Realizar psicoterapia
Seja psicoterapia individual, como terapia de casal, poderão ser ferramentas fundamentais para maior consciência individual e relacional.
Aprender a confiar
Aprender a confiar pressupõe uma capacidade de olhar e sentir que as intenções do outro são gentis e positivas.
Confiar em alguém pressupõe um trabalho individual de uma segurança inabalável em como não existirá mais a necessidade de sentir medo e terror.
Em que não temos mais que nos defender e proteger, lutar contra algo que nos ameaça, porque confiamos, acima de tudo, nos recursos que temos em nós para lidar caso sejamos magoados.
Arriscar confiar no outro significará, sempre, acima de tudo, confiar no mais profundo de nós mesmos, nesta nossa capacidade de nos mantermos nos nossos próprios pés, sólidos, coesos, sem nos abandonarmos, de transformar qualquer coisas ou situação negativa que possa acontecer, em algo bom ou construtivo, seja crescimento emocional ou aprendizagem.

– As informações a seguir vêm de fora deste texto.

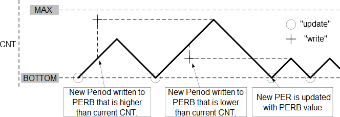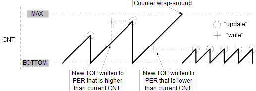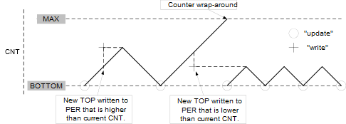 and TCAn.PER registers are continuously compared: if a new TOP value is written to TCAn.PER
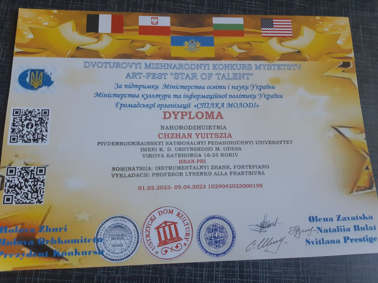 Вітаємо студента факультету музичної та хореографічної освіти Чжан Юйцзя з отриманням почесної нагороди – Гран-прі Міжнародного конкурсу мистецтв ART-FEST «STAR OF TALENT» UKRAINA-POLSHCHA-BOLHARIIA-FRANTSIIA-AMERYKA.

Muitas vezes, o terror que nos atinge numa situação advém do sentimento de impotência que sentimos diante dela.
Por isso, poderá ser importante aprender a render-se, a colaborar na construção de uma relação mais saudável, a agarrar em si e estimar-se, autopreservar-se, em olhar para si e para a sua vida sem medo do que possa vir, assumindo a responsabilidade pela forma como se relaciona consigo e com os outros.
Aprender a amar-se como é e cuidar de si e a amar realmente o outro. Libertar-se do medo, permitindo-se viver de facto uma intimidade mais autêntica. Vivida! E não autosabotada pelos terrores que nos inundam e amedrontam, nos afastam daquilo que é realmente real: a vida que está a acontecer, aqui e a agora, e a confiança do que somos, do que temos em nós e que nos suporta solidamente. Sempre, em todas as ocasiões!